Tuesday, February 16, 2010

A small Fosdem wrapup

The other weekend I was in Brussels for FOSDEM. As you know, this year we had a Mono room on sunday, thanks to the amazing efforts of Ruben Vermeersch and Stéphane Delcroix. The conference was great, as it always is, although as usual as didn't get to see much of the talks on saturday - busy preparing my own talk about Moonlight, and meeting people, which is one of the parts I enjoy most at FOSDEM. Sunday was awesome, full of Mono talks in a nicely packed room. People were very interested, we had great feedback, and everything went very well, including my demos - it was a very good day, and all in all, a great event. On monday we had a special Mono hackday, where we got together and, well, hacked. I sat down with Lucas Meijer of Unity and we went through some of the issues they have embedding Mono, similar to what Moonlight has to do. Lucas decided to stay an extra day just for the Mono hackday, after a lot of chatting and quite a few beers the day before, and I'm so glad he did, it was a very productive, if somewhat short, day.

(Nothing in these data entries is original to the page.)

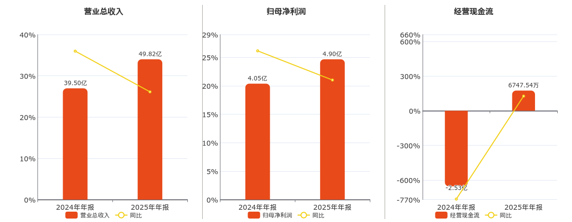公司营业总收入为49.82亿元。归母净利润为4.90亿元。经营活动现金净流入为6747.54万元,在已披露的同业公司中排名第198。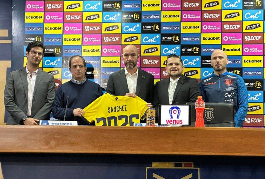 Francisco Egas, presidente de la FEF comenzó la rueda de prensa dandole la bienvenida a Sánchez:”Sobran palabras para presentar a nuestro técnico y su trayectoria. El alto nivel de capacitación entre FC Barcelona y la academia Aspire. Él puso en el mapa futbolero al seleccionando de Catar”.
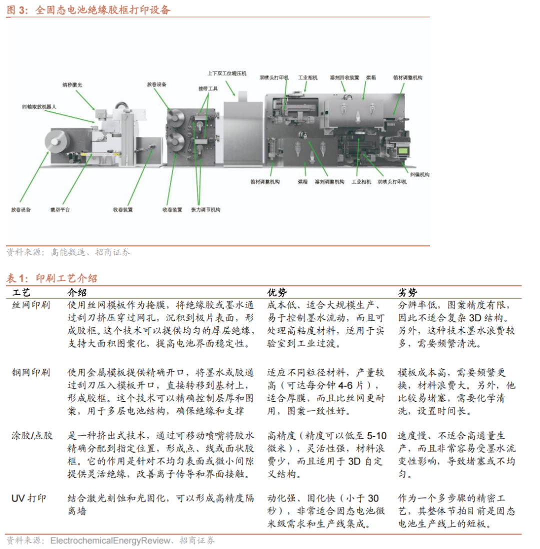 UV打印为胶框印刷方式的一种,胶框印刷主要分为丝网/钢网印刷、UV打印、涂胶/点胶等相比,其中UV打印强调激光辅助的高精度和自动化,常与3D打印技术结合,实现微米级控制,较为适配固态电池独特的制造需求。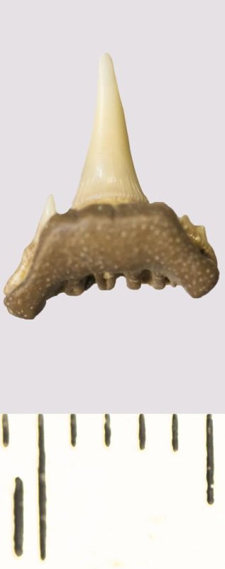 Зуб. Акула. Synechodus sp. Классификация: Хордовые Chordata, Позвоночные Vertebrata, Хрящевые рыбы Chondrichthyes, Пластиножаберные Elasmobranchii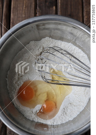 ボールに入れたホットケーキミックスのイメージ (写真素材)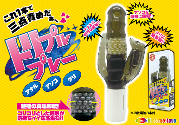 普段お使いのバイブではアソコとクリしか刺激できないでしょう?ですがこちらの「トリプルプレー」ならそんなお悩みもラクラク解消!「アナル」「アソコ」「クリ」がこれ1本で楽しめる魅惑の三点責めバイブ♪ボディは豪快なスイングと内蔵パールの回転でゴリゴリとした快感を生みだし、小バイブがクリに超振動を与えつつ小ぶりなしっぽがアナルを絶妙に刺激してくれます。むにゅっとしたヘッドが回転しながらパールで穴口付近を刺激、さらにクリトリスへのダイレクトなビンビン振動とアナルにも振動を与える3点責めが絶妙に気持ちいいです!スイング&振動をそれぞれ独立操作し、無段階調整コントローラーで細かいパワー調整が可能となっています。アナルにもちょっと刺激が欲しいときにもぜひどうぞ♪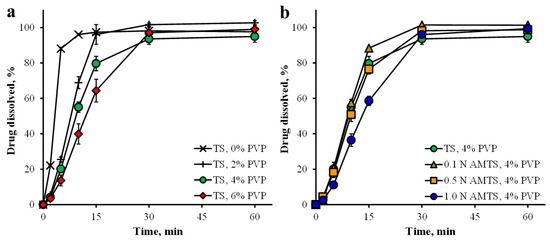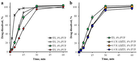 For the PPN dissolution test, the drug dissolution profiles in 0.1 N HCl are presented in Figure 8. Complete drug dissolution was found within 30 min of the test in acidic medium, and a similar result was also obtained in neutral medium (Figure 9). The slowest drug dissolution of the TS agglomerate tablets with 6% PVP could be observed in Figure 8a. Additionally, a longer T50% of the TS agglomerate tablets was found when increasing PVP contents (Table 2), suggesting that higher tablet hardness affected the drug dissolution of these tablets. The 1.0 N AMTS agglomerate tablets provided the slowest drug dissolution and the longest T50%, as shown in Figure 8b and Table 2, respectively. This result was influenced by the highest tablet hardness in the AMTS agglomerates used. In addition, the dissolution medium used in this study affected the disintegration time and drug dissolution rate of the agglomerate tablets (Figure 9a,b). The slightly longer disintegration time and the slightly slower drug dissolution rate of the tablets in pH 6.8 phosphate buffer were obtained when compared with using 0.1 N HCl, which was similar to a previous report [19].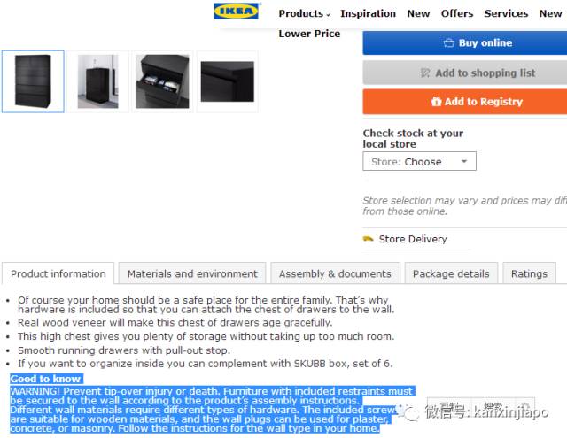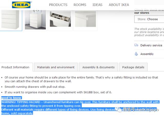 ▲新加坡宜家官網首頁最下方才可以看到與馬爾姆抽屜櫃相關的安全提示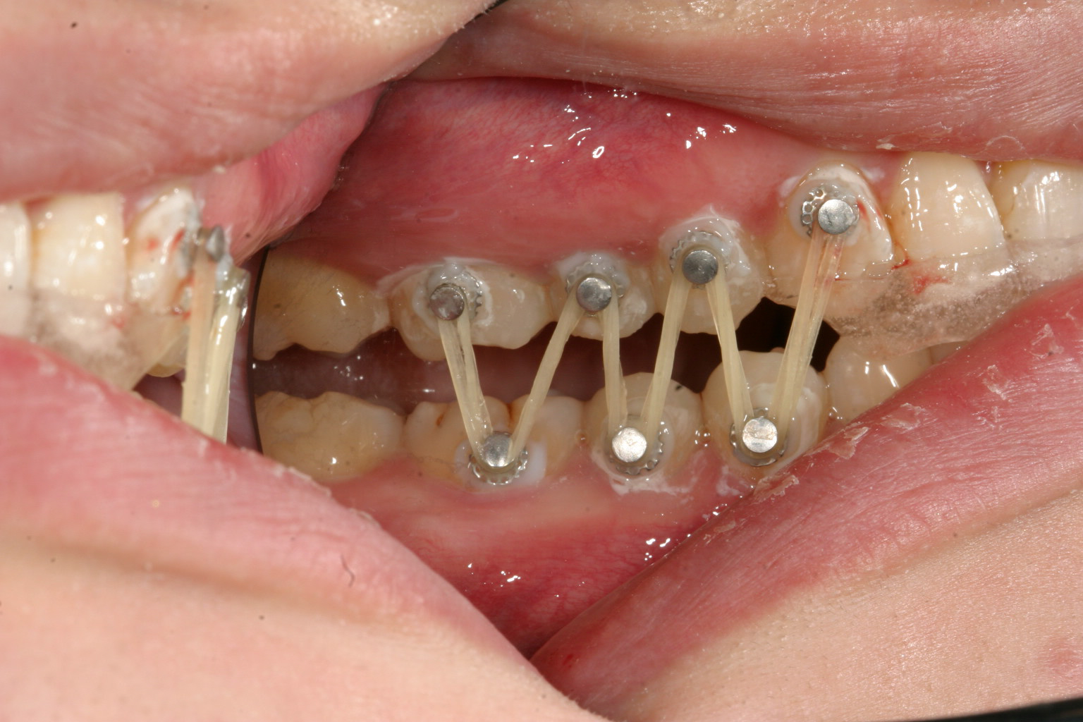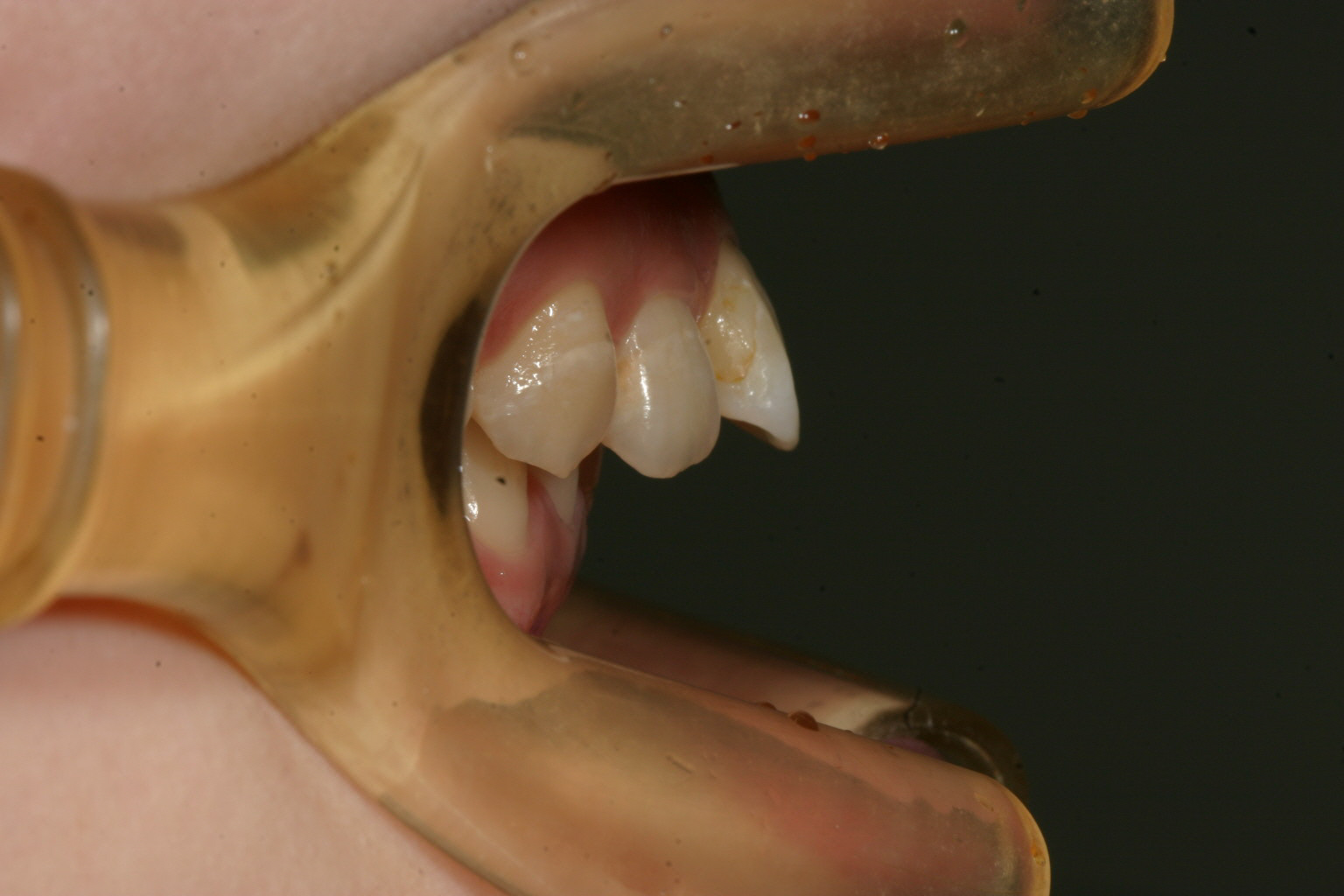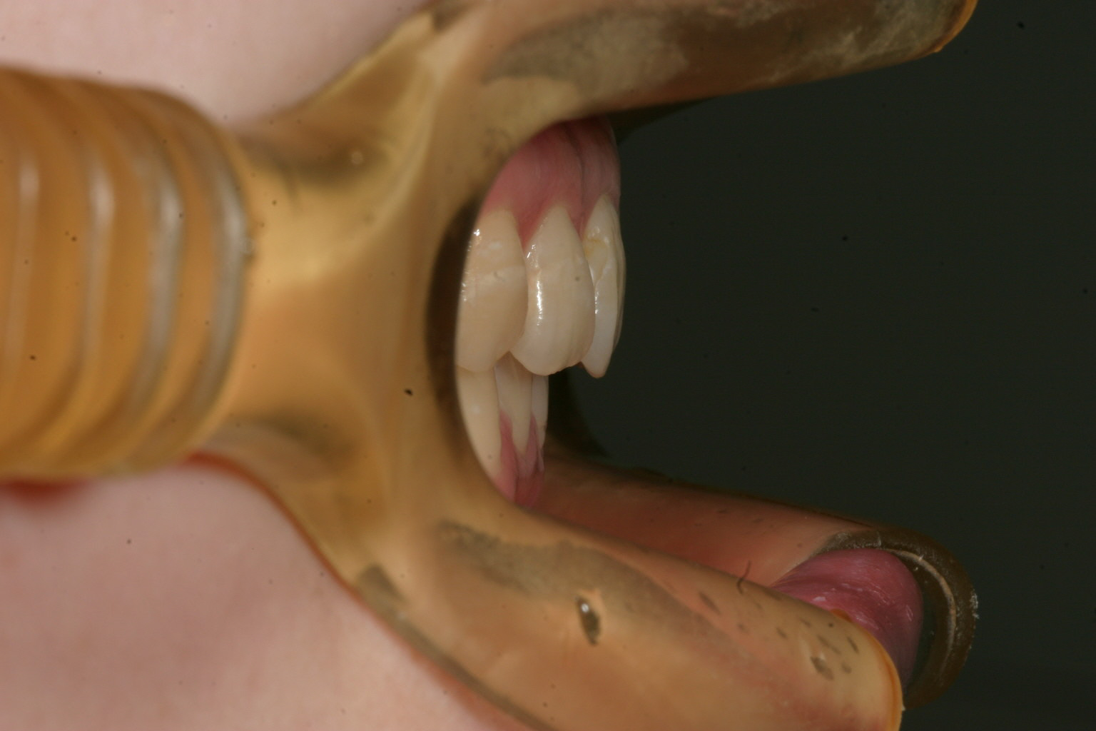 このケースは臼歯部の歯が低い為に下顎が後ろに下がり、出っ歯 すきっ歯を生じています。この様な症例には顎関節症が付き物です。

Over the three days of the event I had the pleasure of meeting, remeeting and chatting with a lot of wonderful people, whom I usually only get to talk to online - Jo Shields, Mirco Bauer, Alan McGovern, Jeremie Laval, Jim Purbrick, Michael Meeks, Mans Rullgard, David "Lefty" Schlesinger, Rob Taylor, Bertrand Lorentz, Massimiliano Mantione, just to name a few and not in any particular order (I just know I forgot a ton of people!). Also got to meet a bunch of portuguese people, like Vânia Gonçalves, Miguel Azevedo, Paulo Trezentos and more - some of them I only get to see at FOSDEM these days, for some odd reason... weird country this is :)

All in all, it was great, I missed the interaction and the chats and the dinners and the talks and the general merryness and learning that is to be had when you're surrounded by a thousand geeks. I hope to see you all again soon!

PS: I somehow got Jérémie's name confused with a known beer brand... which might, or might not be, a good sign! Fixed... :)

Tuesday, February 02, 2010

Solving the gcc 4.4 strict aliasing problems

A couple of days ago Jeff Stedfast ran into some problems with gcc 4.4, strict aliasing and optimizations. Being a geeky sort of person, I found the problem really interesting, not only because it shows just how hard it is to write a good, clear standard, even when you're dealing with highly technical (and supposedly unambiguous) language, but also because I never did "get" the aliasing rules, so it was a nice excuse to read up on the subject.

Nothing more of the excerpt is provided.